The New York Times, in its article "Obama Visits Capitol to Press Republicans on Stimulus Plan", quotes President Obama urging legislators to "put politics aside and do the American people's business right now."
"Representative John A. Boehner of Ohio, the House Republican leader, said after the meeting that significant philosophical differences remained between the president and the Republicans, but they also agreed on several fronts. The mere fact of the meeting, he said, was an early sign of a willingness by the White House to solicit input from all sides. ...
But even before the president stepped into the meeting, Republican leaders in the House asked their members during a closed-door meeting on Tuesday to oppose the recovery plan unless significant adjustments are made before the bill comes up for a vote on Wednesday. ...
“The goal is to seek their input,” Robert Gibbs, a White House spokesman, said of the meetings with Republicans. “He wants to hear their ideas. If there are good ideas — and I think he assumes there will be — we will look at those ideas.”
- Jeff Zeleny, The New York Times
When Republicans are in control, in the White House and Congress, they ride roughshod over feckless Democrats. When the G.O.P. is not in power, they play a partisan game of obstructionism, and cry phony fouls.
As Bob Herbert writes today in his New York Times column, "The Same Old Song", "When the G.O.P. talks, nobody should listen."

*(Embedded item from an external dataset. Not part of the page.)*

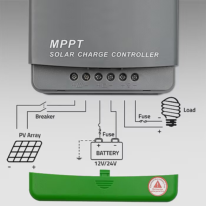 Solar panel reverse connection protection: The regulator is equipped with a polarity detection circuit that checks that the solar panel wires are connected correctly.

"The question that I would like answered is why anyone listens to this
crowd anymore. G.O.P. policies have been an absolute backbreaker for
the middle class. (Forget the poor. Nobody talks about them anymore,
not even the Democrats.) The G.O.P. has successfully engineered a
wholesale redistribution of wealth to those already at the top of the
income ladder and then, in a remarkable display of chutzpah, dared
anyone to talk about class warfare. ...
When the G.O.P. talks, nobody should listen. Republicans have argued, with the collaboration of much of the media, that they could radically cut taxes while simultaneously balancing the federal budget, when, in fact, big income-tax cuts inevitably lead to big budget deficits. We listened to the G.O.P. and what do we have now? A trillion-dollar-plus deficit and an economy in shambles."